Here measurements and metadata are properties of a single event – each Telemetry event carries these values.

This handler needs to be attached at runtime, for example when our application starts. Assuming that our Ecto repo is called MyApp.Repo, we attach the handler using the code below:

:telemetry.attach(
  "slow-query-logger",
  [:my_app, :repo, :query],
  &MyApp.Monitoring.log_slow_queries/4,
  :no_config
  )

We specify the name of our handler (which needs to be unique across the system), the event we are attaching it to, the function to be invoked each time the event is emitted, and the handler config which is passed as the last argument to our handler on every invocation.

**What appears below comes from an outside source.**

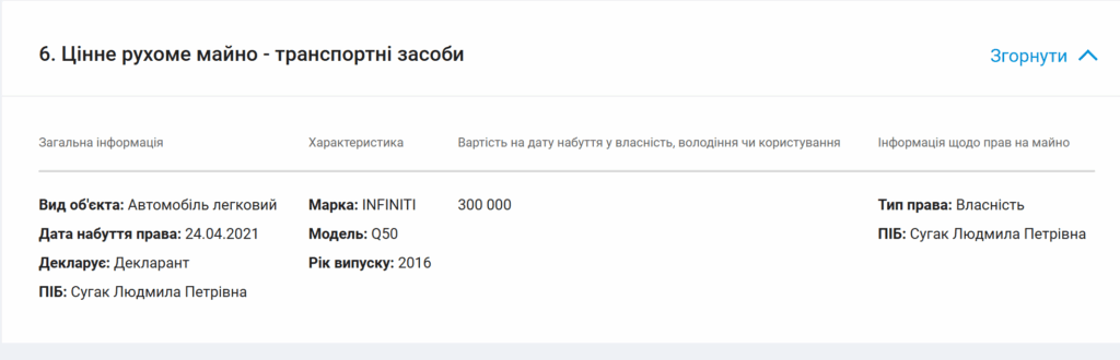 У березні 2025 року Людмила Сугак подала декларацію про свої доходи за минулий рік.

..and there was no one around to hear it

Because Telemetry is designed to have a small performance footprint, there is almost no cost associated with including it even in the most popular Elixir libraries – it is already used by Ecto and Plug, and it is coming to Phoenix soon. Telemetry requires only a single ETS lookup when an event is published, and all handlers are executed synchronously in the process emitting the event, which means that there are no bottlenecks and single points of failure in the whole library.

Ecosystem

Apart from the core Telemetry library, which provides the interface for emitting and handling events, we have built additional tools addressing common use cases related to monitoring.

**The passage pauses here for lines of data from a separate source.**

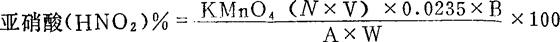 (一)适用范围 粗制的硝酸盐肥料往往含有亚硝酸,因此常是本项目的测定对象。本法是在硫酸条件下,高锰酸钾氧化亚硝酸,使本身红色褪尽而指示终点。方法操作简便迅速,适用于日常检验工作。但不适用于含有其它还原性物质或有机物质的化学肥料。
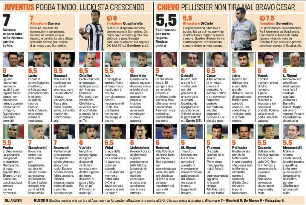 JUVENTUS CHIEVO VOTI E PAGELLE GAZZETTA – Di seguito potete trovare i voti e le pagelle firmati Gazzetta dello Sport della sfida fra la Juventus e il Chievo, gara giocatasi ieri sera allo Juventus Stadium e vinta dalla Vecchia Signora. Dopo Londra altra grande prova di Fabio Quagliarella che realizza due reti e regala i tre punti ai suoi. Bene anche, oramai una sicurezza, Asamoah, mentre malino Pogba, alla prima da titolo al posto di Andrea Pirlo. Da segnalare anche la discesa in campo di Bendtner, per lui però, nessun voto.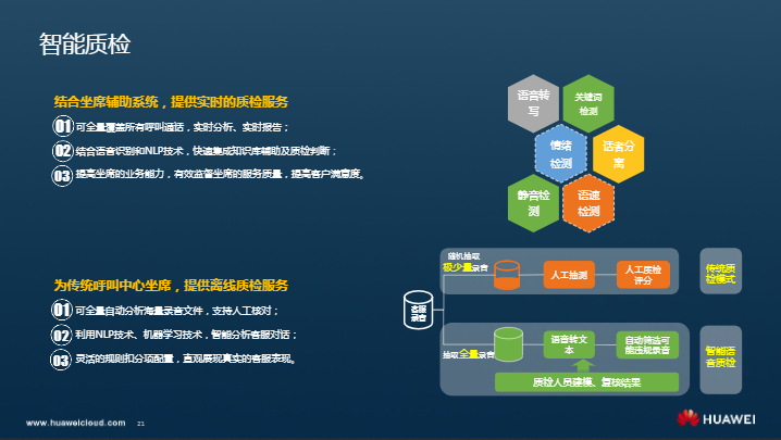 华为云智能质服务是使用自然语言算法和预定义规则去分析呼叫中心坐席客服与客户之间的对话。结合坐席辅助系统,提供实时的质检服务。同时,也为传统呼叫中心坐席,提供离线质检服务。

Telemetry.Poller allows you to perform measurements periodically and emit them as Telemetry events. When you include the library in your project, the default Poller process is started, publishing measurements related to the Erlang VM, like memory usage and the length of run queues.

Telemetry.Metrics provides a bunch of functions for declaring metrics based on the events. For example, the definition counter("my_app.repo.query") means that we want to count how many database queries were made by Ecto. Apart from the counter, Telemetry.Metrics also defines some other aggregations: sum, last value (sometimes referred to as gauge) and distribution. It also supports multi-dimensional metrics via tags and unit conversions.

After the metrics are declared, they need to be fed to the reporter, which attaches relevant event handlers and forwards metrics to the monitoring system of choice at runtime. Currently, there are two reporters available on Hex: one for Prometheus and one for StatsD.

What’s next?

Telemetry core reached a stable API, and now is the right time for including it in libraries, so that their users can benefit from exposed instrumentation data. But we cannot do that on our own – Telemetry is a community run project, and without contributors it won’t be able to flourish. So we encourage everyone – Telemetry has had an active group of contributors from the very early days of the project and we would love you to be part of its growth and adoption too. If you want to get involved, you can integrate your own library with Telemetry, build a reporter for Telemetry.Metrics, or give us your feedback on APIs and documentation.

Currently, we’re improving the performance of the core, as well as extending and polishing the Poller and the Metrics. Weare also working on making the existing reporters more performant and stable.

The next big thing we have planned is a metrics dashboard for Phoenix – imagine generating a new Phoenix project, and having a basic dashboard with metrics served by your endpoint, without setting up any external systems. Telemetry allows us to do this and much more in the near future!